Distributed real-time analytics platform for streaming stock market data.
StockStream ingests live and historical OHLCV data from Yahoo Finance, streams it through Apache Kafka, and processes it with Spark Structured Streaming. Price time-series is written to InfluxDB for fast range queries and aggregations; stock metadata (symbol, sector, industry, 52-week high/low) is stored in PostgreSQL. A rule engine runs on each batch to fire alerts on price moves, volume spikes, and volatility. Grafana dashboards connect to InfluxDB for real-time charts. The stack runs in Docker: Zookeeper, Kafka, Spark master/worker, InfluxDB, PostgreSQL, Grafana, and a Python producer container. Designed for fault tolerance (consumer groups, checkpointing, backpressure) and horizontal scaling via Kafka partitions and Spark workers.
| Layer | Technology | Version |
|---|---|---|
| Message broker | Apache Kafka | 2.8 |
| Stream processing | Apache Spark Structured Streaming | 3.3.3 |
| Time-series DB | InfluxDB | 2.5.1 |
| Relational DB | PostgreSQL | latest |
| Visualization | Grafana OSS | 8.4.3 |
| Runtime | Python | 3.10+ |
Python dependencies: confluent-kafka, findspark, psycopg2-binary, influxdb-client, yfinance, python-dotenv, schedule, pytz
- Kafka topics:
real-time-stock-prices,stock-general-information(4 partitions each) - Consumer group:
stock-stream-consumer-group - Backpressure:
maxOffsetsPerTrigger= 10,000 - Checkpoint recovery at
/tmp/spark-checkpoint
- PostgreSQL: Stock metadata.
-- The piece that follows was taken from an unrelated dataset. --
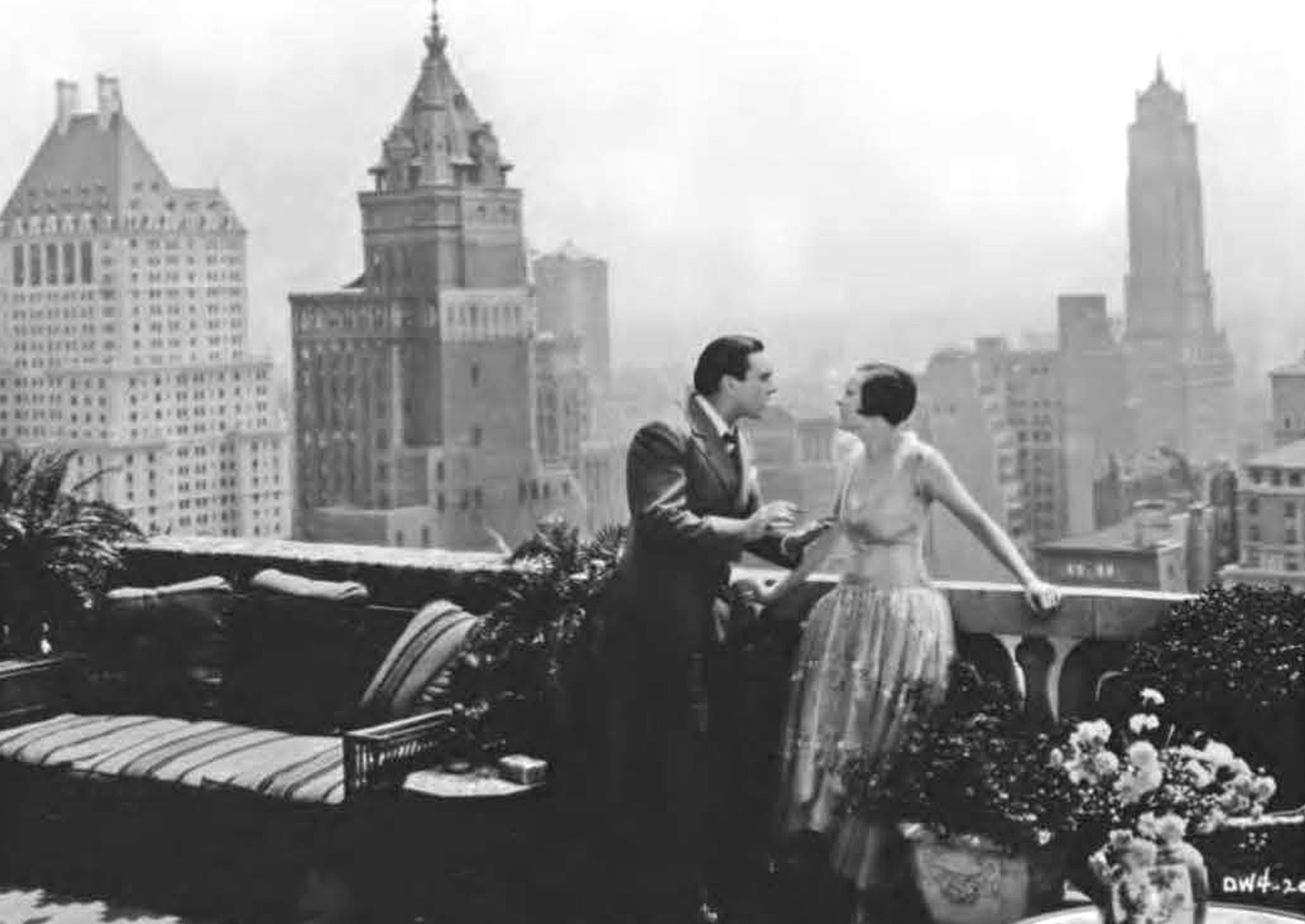 The fact Allan Dwan was integrating 1927 news footage into a film that was being released that same year shows how fast and nimble of a director he was. By bringing current events into the story —like the Lindbergh footage in this scene and an image of the newly-constructed New York Telephone Building in an earlier scene— he undoubtedly made the film feel more fresh and contemporary to audiences. Another example of this is in the last scene of the film which features a skyscraper that was a big news story only a few months before East Side, West Side was released to theaters. (See “On a Balcony” below.)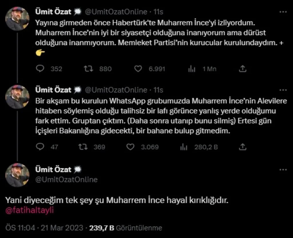 Canlı yayın devam ederken, teknik direktör Ümit Özat, Fatih Altaylı'yı da etiketlediği paylaşımında "WhatsApp grubumuzda Muharrem İnce’nin Alevilere hitaben söylemiş olduğu talihsiz bir lafı görünce yanlış yerde olduğumu fark ettim" ifadelerini kullandı.

Indexes on
Symbol,Entry_Date,Sector,Industry, composite(Symbol, Entry_Date) - InfluxDB: OHLCV time-series. Symbols as tags, line protocol write
| Rule | Default | Severity |
|---|---|---|
| Price drop | 5% | HIGH |
| Price spike | 5% | MEDIUM |
| High volume | 1M shares | INFO |
| Volatility (high-low spread) | 3% | MEDIUM |
Logs: logs/alerts.log, logs/producer.log, logs/consumer.log
Prerequisites: Python 3.10+, Docker, Docker Compose
# 1. Start infrastructure
docker-compose up -d
# 2. Install Python deps
pip install -r requirements.txt
# 3. Run producer
cd producer && python producer.pyConsumer (inside Spark container):
docker exec -it ktech_spark_submit bash -c "spark-submit --master spark://spark-master:7077 \
--packages org.apache.spark:spark-sql-kafka-0-10_2.12:3.3.3 \
--jars /opt/bitnami/spark/jars/postgresql-42.5.4.jar \
/app/consumer/consumer.py"├── producer/
│ ├── producer.py
│ ├── producer_utils.py
│ └── stock_info_producer.py
├── consumer/
│ ├── consumer.py
│ ├── InfluxDBWriter.py
│ └── alert_rules.py
├── script/
│ ├── initdb.sql
│ └── utils.py
├── logs/
├── docs/ # GitHub Pages landing site
├── docker-compose.yaml
├── requirements.txt
└── pyproject.toml
- Ingestion: yfinance → producer → Kafka (
real-time-stock-prices,stock-general-information) - Processing: Spark Structured Streaming → parse, validate, transform
- Storage: InfluxDB (OHLCV), PostgreSQL (metadata via
stock_info_producer) - Alerting:
consumer/alert_rules.pyruns on each batch - Viz: Grafana → InfluxDB (port 3000)
| Variable | Description |
|---|---|
STOCKS |
Comma-separated symbols (e.g. AAPL,MSFT,GOOGL) |
INFLUXDB_BUCKET |
InfluxDB bucket |
INFLUXDB_MEASUREMENT |
Measurement name |
INFLUX_ORG, INFLUX_TOKEN |
InfluxDB auth |
POSTGRES_* |
PostgreSQL connection |
Edit consumer/alert_rules.py:
PriceDropAlert(threshold_percent=5.0)
PriceSpikeAlert(threshold_percent=5.0)
HighVolumeAlert(threshold_volume=1000000)
VolatilityAlert(threshold_percent=3.0)Spark options in consumer/consumer.py:
maxOffsetsPerTrigger: 10000 (backpressure)kafka.group.id: stock-stream-consumer-group
Yahoo Finance API → Producer → Kafka → Spark Streaming → InfluxDB / PostgreSQL → Grafana. All services run via Docker Compose.
Grafana at localhost:3000, wired to InfluxDB. Candlestick, gauge, and line charts for real-time and historical data.